While end-to-end video-to-audio generation has greatly improved, producing high-fidelity audio that authentically captures the nuances of visual content remains challenging. Like professionals in the creative industries, such generation requires sophisticated reasoning about items such as visual dynamics, acoustic environments, and temporal relationships. We present ThinkSound, a novel framework that leverages Chain-of-Thought (CoT) reasoning to enable stepwise, interactive audio generation and editing for videos. Our approach decomposes the process into three complementary stages: foundational foley generation that creates semantically coherent soundscapes, interactive object-centric refinement through precise user interactions, and targeted editing guided by natural language instructions. At each stage, a multimodal large language model generates contextually aligned CoT reasoning that guides a unified audio foundation model. Furthermore, we introduce AudioCoT, a comprehensive dataset with structured reasoning annotations that establishes connections between visual content, textual descriptions, and sound synthesis. Experiments demonstrate that ThinkSound achieves state-of-the-art performance in video-to-audio generation across both audio metrics and CoT metrics and excels in out-of-distribution Movie Gen Audio benchmark. The demo page is available at
https://ThinkSound-Project.github.io
.
Model Overview
Citation
If you find our work useful, please cite our paper:
@misc{liu2025thinksoundchainofthoughtreasoningmultimodal,
title={ThinkSound: Chain-of-Thought Reasoning in Multimodal Large Language Models for Audio Generation and Editing},
author={Huadai Liu and Jialei Wang and Kaicheng Luo and Wen Wang and Qian Chen and Zhou Zhao and Wei Xue},
year={2025},
eprint={2506.21448},
archivePrefix={arXiv},
primaryClass={eess.AS},
url={https://arxiv.org/abs/2506.21448},
}
Runs of FunAudioLLM ThinkSound on huggingface.co
0
Total runs
0
24-hour runs
0
3-day runs
0
7-day runs
0
30-day runs
More Information About ThinkSound huggingface.co Model
ThinkSound huggingface.co is an AI model on huggingface.co that provides ThinkSound's model effect (), which can be used instantly with this FunAudioLLM ThinkSound model. huggingface.co supports a free trial of the ThinkSound model, and also provides paid use of the ThinkSound. Support call ThinkSound model through api, including Node.js, Python, http.

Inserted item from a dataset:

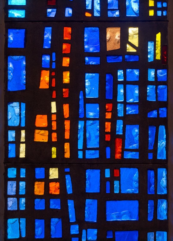 Vitraux de la chapelle (détail), créés par Gabriel Loire (1964), en remplacement des vitraux détruits pendant la Seconde Guerre mondiale. Noter les éclats qui adoucissent ou accentuent la lumière.Immatriculation

ThinkSound huggingface.co is an online trial and call api platform, which integrates ThinkSound's modeling effects, including api services, and provides a free online trial of ThinkSound, you can try ThinkSound online for free by clicking the link below.
FunAudioLLM ThinkSound online free url in huggingface.co:
ThinkSound is an open source model from GitHub that offers a free installation service, and any user can find ThinkSound on GitHub to install. At the same time, huggingface.co provides the effect of ThinkSound install, users can directly use ThinkSound installed effect in huggingface.co for debugging and trial. It also supports api for free installation.